Lines from the one containing "正好最近B站又在整跨区的三角" to the end of the records, both ends included and exactly as written, are the whole answer, and no pictures go in it.
Segment Start: Listed records
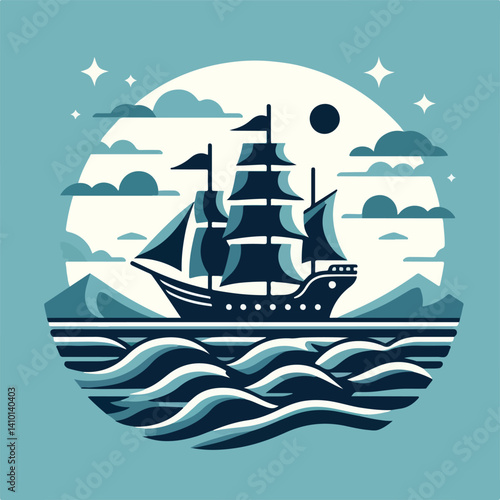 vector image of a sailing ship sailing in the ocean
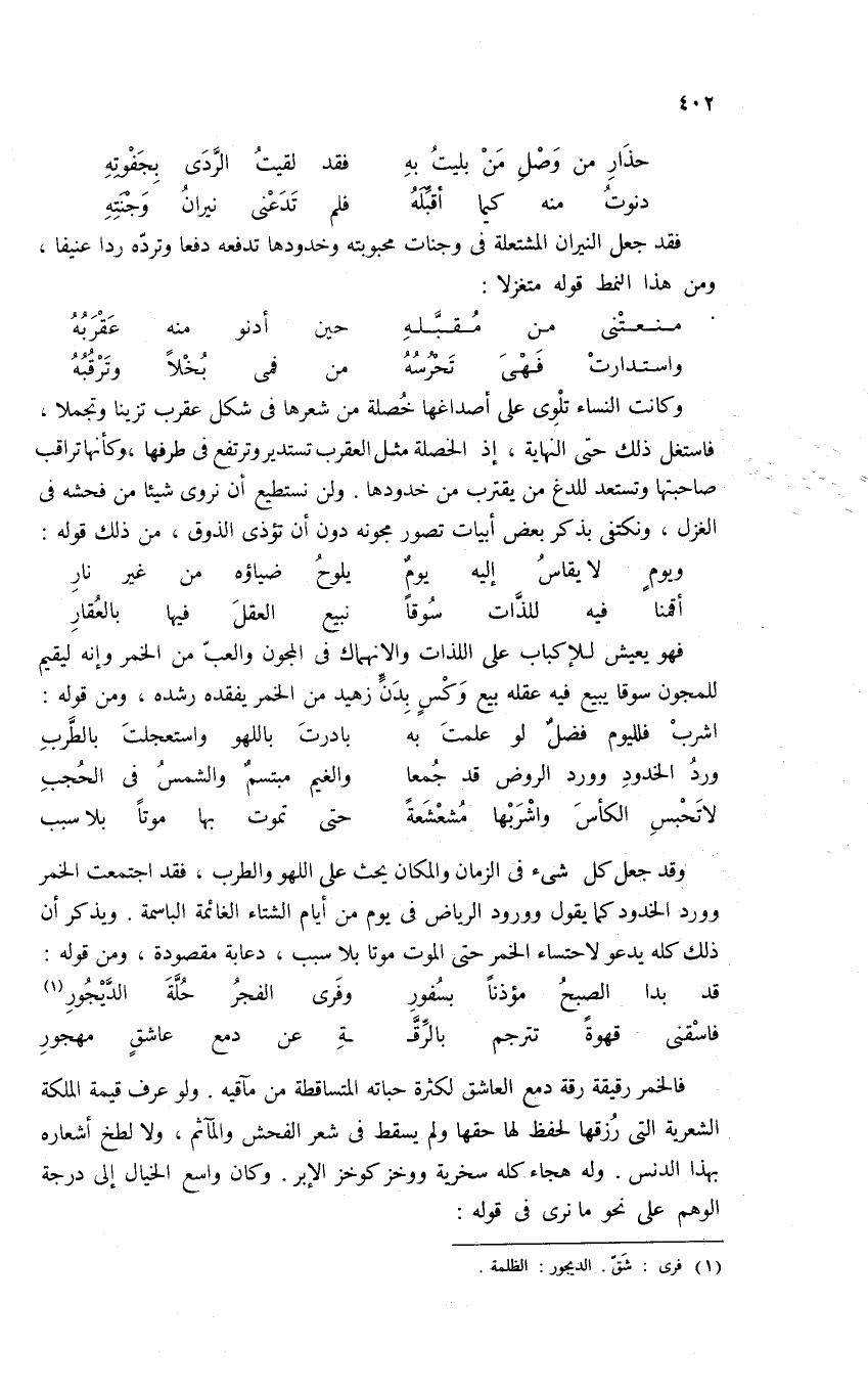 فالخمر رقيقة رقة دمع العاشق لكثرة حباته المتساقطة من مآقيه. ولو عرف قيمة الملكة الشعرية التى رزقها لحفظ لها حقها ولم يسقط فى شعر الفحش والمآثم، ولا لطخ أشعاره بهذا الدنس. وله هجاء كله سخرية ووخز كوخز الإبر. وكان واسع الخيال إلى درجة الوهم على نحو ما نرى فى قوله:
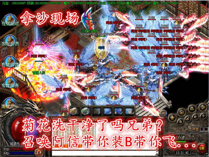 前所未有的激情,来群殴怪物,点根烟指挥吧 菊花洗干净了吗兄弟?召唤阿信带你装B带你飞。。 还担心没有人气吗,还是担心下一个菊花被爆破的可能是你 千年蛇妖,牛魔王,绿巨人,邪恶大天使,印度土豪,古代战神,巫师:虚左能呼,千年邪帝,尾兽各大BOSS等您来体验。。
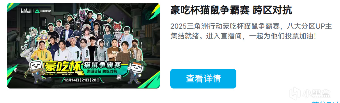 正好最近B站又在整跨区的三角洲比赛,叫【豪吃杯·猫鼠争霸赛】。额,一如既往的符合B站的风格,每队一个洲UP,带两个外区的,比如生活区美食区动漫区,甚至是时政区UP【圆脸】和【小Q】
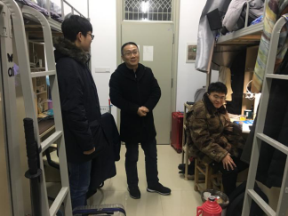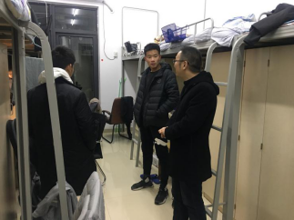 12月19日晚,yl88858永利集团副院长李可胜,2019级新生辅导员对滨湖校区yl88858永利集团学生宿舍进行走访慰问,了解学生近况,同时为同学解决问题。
Segment End: Listed records
• [Response to the task]:
 正好最近B站又在整跨区的三角洲比赛,叫【豪吃杯·猫鼠争霸赛】。额,一如既往的符合B站的风格,每队一个洲UP,带两个外区的,比如生活区美食区动漫区,甚至是时政区UP【圆脸】和【小Q】
 12月19日晚,yl88858永利集团副院长李可胜,2019级新生辅导员对滨湖校区yl88858永利集团学生宿舍进行走访慰问,了解学生近况,同时为同学解决问题。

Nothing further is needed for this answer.